Attachment #724498 - Flags: review?(benjamin)

(no longer active)

Comment 12

•

12 years ago

(In reply to Benjamin Smedberg  [:bsmedberg] from comment #10)
> Yeah, I somehow missed that clue.
> 
> NS_GetCurrentThread should only be able to return null before
> nsThreadManager::Init or after nsThreadManager::Shutdown. So really
> mEventTarget should never have the opportunity to be null in normal
> operation.

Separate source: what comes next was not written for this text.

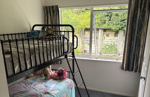 Bring the whole family to this great place with lots of room for fun.with 5.5 ha of bush an gentle stream an views of the fifth of Thames and the beach accross the road the peaceful setting of the house up a long driveway sitting on the hill with stunning views of the coromandel The firth of Thames offers some of the best snapper an kingfishing in nz.plenty of parking and the bayview hotel offers absolutely fabulous meals and a courtesy van is also available for a donation .WE ARE PET FIENDLY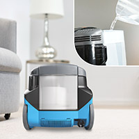 Уникальный водяной фильтр AQUAFILTER c инновационной технологией подавления пыли Wet-JET удерживает 99,99% мельчайшей пыли и 100% пыльцы.

Perhaps somebody is trying to create a timer very early in
> startup?

That seems implausible given the main thread stack in the crash report in comment 6, IINM:

0 	ntdll.dll 	NtWaitForSingleObject 	
1 	KERNELBASE.dll 	WaitForSingleObjectEx 	
2 	kernel32.dll 	WaitForSingleObjectExImplementation 	
3 	kernel32.dll 	WaitForSingleObject 	
4 	nspr4.dll 	PR_Wait 	nsprpub/pr/src/threads/prmon.c:152
5 	xul.dll 	mozilla::ReentrantMonitor::Wait 	obj-firefox/dist/include/mozilla/ReentrantMonitor.h:90
6 	xul.dll 	nsThreadStartupEvent::Wait 	xpcom/threads/nsThread.cpp:174
7 	xul.dll 	nsThread::Init 	xpcom/threads/nsThread.cpp:342
8 	xul.dll 	nsThreadManager::NewThread 	xpcom/threads/nsThreadManager.cpp:215
9 	xul.dll 	NS_NewThread_P 	obj-firefox/xpcom/build/nsThreadUtils.cpp:49
10 	xul.dll 	NS_NewNamedThread_P<12> 	obj-firefox/dist/include/nsThreadUtils.h:88
11 	xul.dll 	StateMachineTracker::EnsureGlobalStateMachine 	content/media/nsBuiltinDecoderStateMachine.cpp:267
12 	xul.dll 	nsBuiltinDecoderStateMachine::nsBuiltinDecoderStateMachine 	content/media/nsBuiltinDecoderStateMachine.cpp:413
13 	xul.dll 	nsOggDecoder::CreateStateMachine 	content/media/ogg/nsOggDecoder.cpp:13
14 	xul.dll 	nsBuiltinDecoder::Load 	content/media/nsBuiltinDecoder.cpp:328
15 	xul.dll 	nsHTMLMediaElement::FinishDecoderSetup 	content/html/content/src/nsHTMLMediaElement.cpp:2665
16 	xul.dll 	nsHTMLMediaElement::InitializeDecoderForChannel 	content/html/content/src/nsHTMLMediaElement.cpp:2640
17 	xul.dll 	nsHTMLMediaElement::MediaLoadListener::OnStartRequest 	content/html/content/src/nsHTMLMediaElement.cpp:345
18 	xul.dll 	mozilla::net::nsHttpChannel::CallOnStartRequest 	netwerk/protocol/http/nsHttpChannel.cpp:962
19 	xul.dll 	mozilla::net::nsHttpChannel::ContinueOnStartRequest2 	netwerk/protocol/http/nsHttpChannel.cpp:4859
20 	xul.dll 	mozilla::net::nsHttpChannel::OnStartRequest 	netwerk/protocol/http/nsHttpChannel.cpp:4832
21 	xul.dll 	nsInputStreamPump::OnStateStart 	netwerk/base/src/nsInputStreamPump.cpp:417
22 	xul.dll 	nsInputStreamReadyEvent::Run 	xpcom/io/nsStreamUtils.cpp:82
23 	xul.dll 	nsThread::ProcessNextEvent 	xpcom/threads/nsThread.cpp:620
24 	xul.dll 	mozilla::ipc::MessagePump::Run 	ipc/glue/MessagePump.cpp:117
25 	xul.dll 	MessageLoop::RunHandler 	ipc/chromium/src/base/message_loop.cc:208
26 	xul.dll 	MessageLoop::Run 	ipc/chromium/src/base/message_loop.cc:182
27 	xul.dll 	nsBaseAppShell::Run 	widget/xpwidgets/nsBaseAppShell.cpp:163
28 	xul.dll 	nsAppShell::Run 	widget/windows/nsAppShell.cpp:232
29 	xul.dll 	nsAppStartup::Run 	toolkit/components/startup/nsAppStartup.cpp:290
30 	xul.dll 	XREMain::XRE_mainRun 	toolkit/xre/nsAppRunner.cpp:3794
31 	xul.dll 	XREMain::XRE_main 	toolkit/xre/nsAppRunner.cpp:3860
32 	xul.dll 	XRE_main 	toolkit/xre/nsAppRunner.cpp:3935
33 	firefox.exe 	wmain 	toolkit/xre/nsWindowsWMain.cpp:105

I think we should look at the crash dump and try to see what we're missing.  This _could_ be a memory corruption or something like that too.  I don't think we should be too quick to take the wallpaper patch.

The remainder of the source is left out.